From the Guidelines
The initial steps for diagnosing hemolytic anemia involve a comprehensive approach beginning with a thorough history and physical examination, followed by laboratory testing, as outlined in the most recent guidelines 1. The diagnostic work-up should include a complete blood count (CBC) to confirm anemia and assess red blood cell indices, as well as specific tests for hemolysis such as reticulocyte count, lactate dehydrogenase (LDH), indirect bilirubin, and haptoglobin levels 1.
Key Diagnostic Tests
- A peripheral blood smear examination is essential to identify abnormal red cell morphology such as spherocytes, schistocytes, or bite cells.
- Additional diagnostic tests include direct antiglobulin test (Coombs test) to detect immune-mediated hemolysis, hemoglobin electrophoresis for hemoglobinopathies, and enzyme assays like G6PD for inherited enzyme deficiencies.
- Disseminated intravascular coagulation panel, which could include Prothrombin Time and International Normalized Ratio (PT/INR), infectious causes, autoimmune serology, and paroxysmal nocturnal hemoglobinuria screening should also be considered 1.
Management
Management depends on the underlying cause but may include treating infections, discontinuing offending medications, transfusion support with packed red blood cells for severe anemia (hemoglobin <7 g/dL or symptomatic patients), and specific treatments based on etiology 1. For autoimmune hemolytic anemia, prednisone at 1-1.5 mg/kg/day is typically the first-line therapy, with folic acid supplementation (1 mg daily) often recommended to support increased erythropoiesis 1.
Severe or Refractory Cases
Severe or refractory cases may require immunosuppressants, rituximab, splenectomy, or plasmapheresis depending on the specific type and severity of hemolytic anemia, with the most recent guidelines recommending permanent discontinuation of immune checkpoint inhibitors and administration of prednisone 1-2 mg/kg/d in cases of grade 3 or 4 hemolytic anemia 1.
From the FDA Drug Label
8 Hematologic Disorders Idiopathic thrombocytopenic purpura in adults Secondary thrombocytopenia in adults Acquired (autoimmune) hemolytic anemia Erythroblastopenia (RBC anemia) Congenital (erythroid) hypoplastic anemia
The initial steps and tests for diagnosing and managing hemolytic anemia are not explicitly stated in the provided drug label. However, it is mentioned that prednisone is indicated for acquired (autoimmune) hemolytic anemia.

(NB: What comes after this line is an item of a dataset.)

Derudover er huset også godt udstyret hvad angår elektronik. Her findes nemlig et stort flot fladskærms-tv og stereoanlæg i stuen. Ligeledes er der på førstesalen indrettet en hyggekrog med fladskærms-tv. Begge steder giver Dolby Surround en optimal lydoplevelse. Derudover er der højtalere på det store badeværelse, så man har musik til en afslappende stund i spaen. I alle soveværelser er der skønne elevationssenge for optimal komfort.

- The diagnosis of hemolytic anemia would typically involve laboratory tests, but these are not specified in the label.
- Management may involve the use of prednisone, as indicated in the label, but the specific steps and tests are not provided 2.
From the Research
Initial Steps for Diagnosing Hemolytic Anemia
- The diagnosis of hemolytic anemia should be considered in patients presenting with normocytic or macrocytic anemia 3.
- A thorough history and physical examination, along with a complete blood cell count (CBC), are essential initial steps in evaluating suspected anemia 4.

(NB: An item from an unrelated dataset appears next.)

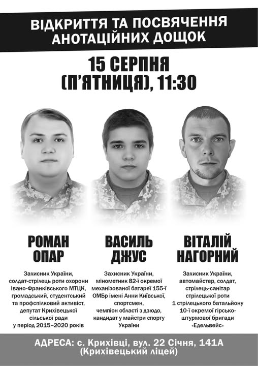 Відбудеться відкриття анотаційних дощок на фасаді Крихівецького ліцею Українським Героям: Роману Опару, Василю Джусу та Віталію Нагорному
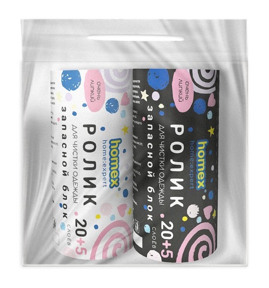 Homex запасной блок для чистки одежды Очень Липкий 20+5 листов 2шт

- Laboratory test results that confirm hemolysis include reticulocytosis, increased lactate dehydrogenase, increased unconjugated bilirubin, and decreased haptoglobin levels 3, 5, 6.
Tests for Diagnosing Hemolytic Anemia
- A peripheral blood smear should be performed to identify abnormal red blood cell morphologies 3, 4.
- The direct antiglobulin test (DAT) is used to differentiate immune causes from nonimmune causes of hemolytic anemia 3, 6.
- The reticulocyte count serves as a useful screen for hemolysis or blood loss 7.
- Supplemental tests may include iron panel, vitamin B12, folate, lactate dehydrogenase, haptoglobin, and bilirubin levels 4.
Classification and Management of Hemolytic Anemia
- Hemolytic diseases are classified into hemoglobinopathies, membranopathies, enzymopathies, immune-mediated anemias, and extrinsic nonimmune causes 3.
- Immune causes of hemolytic anemia include autoimmune hemolytic anemia, drugs, and delayed hemolytic transfusion reactions 6.
- Non-immune causes include the hemoglobinopathies (such as sickle cell disease) and microangiopathic hemolytic anemias (such as disseminated intravascular coagulation) 6.
- Early supportive care in hemolytic anemia is important and may involve blood transfusions as well as interventions to slow the rate of hemolysis, such as steroids in autoimmune hemolytic anemia 6.